Среда Kniesely. К расплавленному питательному агару добавляют
40 мкг/мл лизоцима, 30 ЕД/мл полимиксина, 300 мкг/мл натриевой соли этилендиаминтетрауксусной кислоты (ЭДТА), 40 мкг/мл таллия ацетата. Растворы предварительно стерилизуют фильтрацией, устанавливают рН 7,35. Через 24-48 ч инкубирования при 37° С В. anthracis вырастает в виде мелких, гладких колоний.
Другие виды бацилл на этой среде обычно не растут. ЭДТА и ацетат таллия можно вносить в среду до автоклавирования.
Лизоцимовая среда. Первоначально готовят раствор лизоцима, содержащий 10000 ЕД в дистиллированной воде, стерилизуют фильтрацией.
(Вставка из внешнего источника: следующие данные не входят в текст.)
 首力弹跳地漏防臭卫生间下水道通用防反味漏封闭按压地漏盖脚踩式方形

1 мл раствора лизоцима смешивают с 99 мл стерильного питательного бульона и разливают по 2,5 мл в пробирки. При изучении бацилл, патогенных для насекомых, 1 мл лизоцимового раствора (0,1%) смешивают с 99 мл полужидкого агара, который готовят следующим образом. В 1 л дистиллированной воды растворяют 10 г агара, 3 г Na2HP04, по 5 г дрожжевого экстракта и триптона; фильтруют, устанавливают рН 7,3-7,5 и стерилизуют при 121° С 20 мин. Затем стерильно добавляют раствор глюкозы из расчета 2 г/л. Глюкозу предварительно стерилизуют в виде 10%-ного раствора при 115° С 20 минут. Используют для идентификации видов рода Bacillus.
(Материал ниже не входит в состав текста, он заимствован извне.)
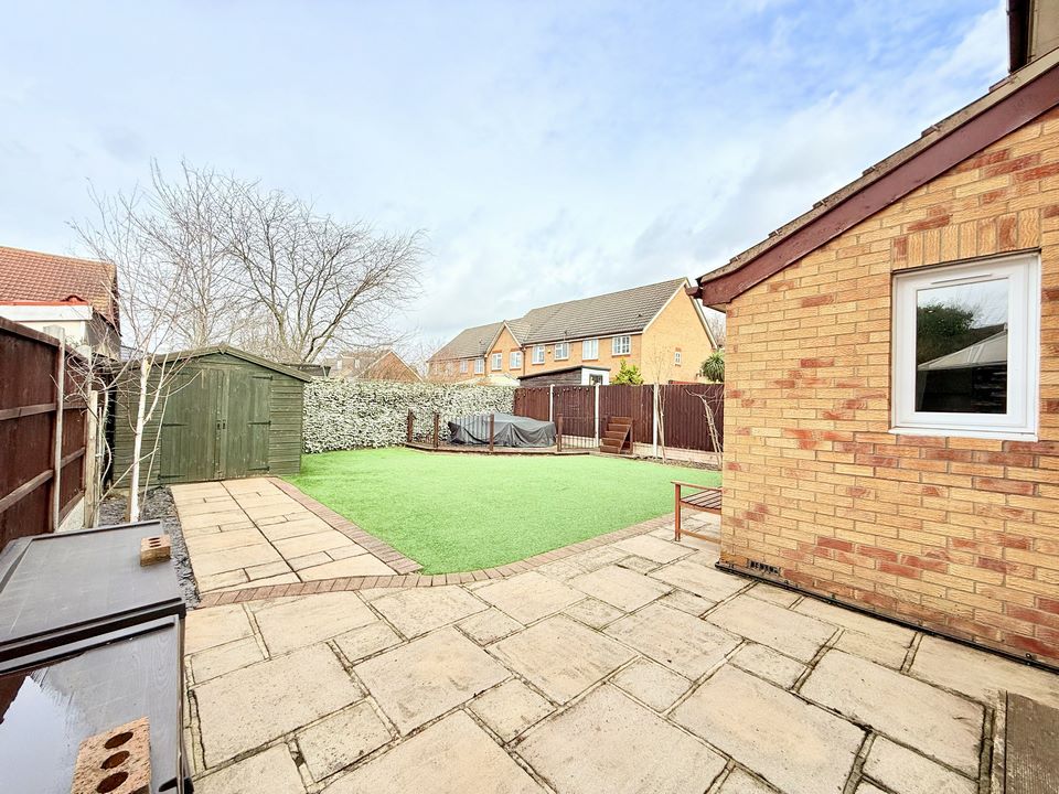Approximately 38ft in depth, immediate paved patio, artificial grass, timber shed, decking area to rear
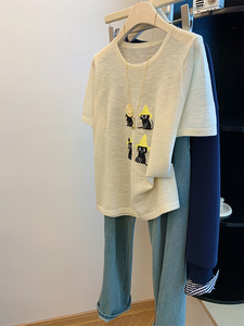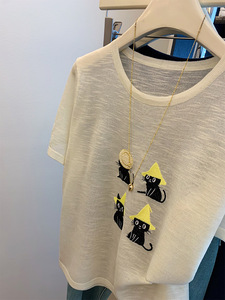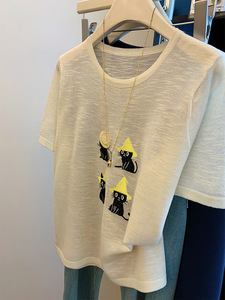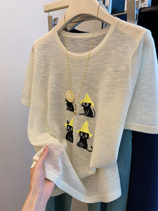 杏色正肩针织短袖猫咪刺绣t恤女夏季罩衫薄款微透气质上衣设计感
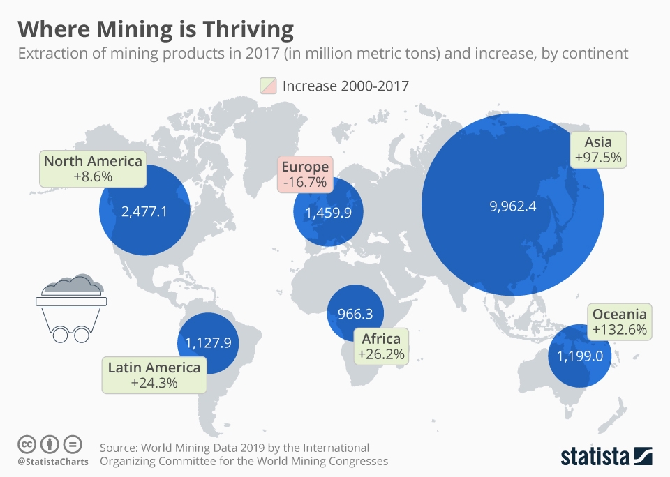 Abbildung 5: Europa ist der einzige Kontinent, in dem der Bergbau im 21. Jahrhundert zurückgegangen ist – trotz weltweit steigender Nachfrage. In Asien und Ozeanien hat sich der Bergbau zwischen 2000 und 2017 fast verdoppelt bzw. mehr als verdoppelt.[Quelle: Statista].

Дифференциально-диагностическая среда с фенолфталеинфосфатом натрия. К 100 мл питательного агара, расплавленного и имеющего температуру 45-50° С, добавляют следующие растворы: 0,5 мл полимиксина М сульфата, 0,5 мл невиграмона, 10 мл гризеофульвина, 10 мл моющего средства «Прогресс», 0,1 мл натрия фенолфталеинфосфата. Компоненты перемешивают, разливают в чашки Петри. Среда пригодна 1-2 сут. при хранении в условиях холодильника.
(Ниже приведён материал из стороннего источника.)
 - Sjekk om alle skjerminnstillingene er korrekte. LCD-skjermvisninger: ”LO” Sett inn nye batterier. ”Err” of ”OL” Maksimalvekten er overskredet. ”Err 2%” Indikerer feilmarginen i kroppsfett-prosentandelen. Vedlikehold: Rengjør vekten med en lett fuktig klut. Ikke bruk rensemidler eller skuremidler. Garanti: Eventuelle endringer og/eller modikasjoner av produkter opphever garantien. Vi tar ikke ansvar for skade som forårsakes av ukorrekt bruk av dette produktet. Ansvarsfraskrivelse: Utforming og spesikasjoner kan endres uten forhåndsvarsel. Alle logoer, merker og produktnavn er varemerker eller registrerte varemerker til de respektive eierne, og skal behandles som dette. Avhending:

Через 18-24 ч культивирования посевов в крышку чашки Петри вносят 1-2 мл 25%-ного водного раствора аммиака. Чашку выдерживают (крышкой вниз) при 20° С 1 минуту и учитывают результат. Колонии бактерий с фосфатазной активностью розовеют, остальные колонии, в том числе В. anthracis, остаются бесцветными. Среда обладает селективными свойствами.
|
|
|
Приготовление растворов. Полимиксина М сульфат растворяют в физиологическом растворе из расчета 10000 ЕД/мл, невиграмон растворяют в 25%-ном водном растворе аммиака, затем разводят стерильным 0,9%-ным раствором натрия хлорида до концентрации 100 мкг/мл. Моющее средство «Прогресс» разводят стерильной дистиллированной водой до концентрации 0,1%. Гризеофульвин растирают в ступке, растворяют в стерильной дистиллированной воде до концентрации 100 мкг/мл. Натрия фенолфталеинфосфат (коммерческий 10%-ный раствор) прогревают на водяной бане при 56° С 30 минут.
Среду используют для выделения из загрязненного материала возбудителя сибирской язвы.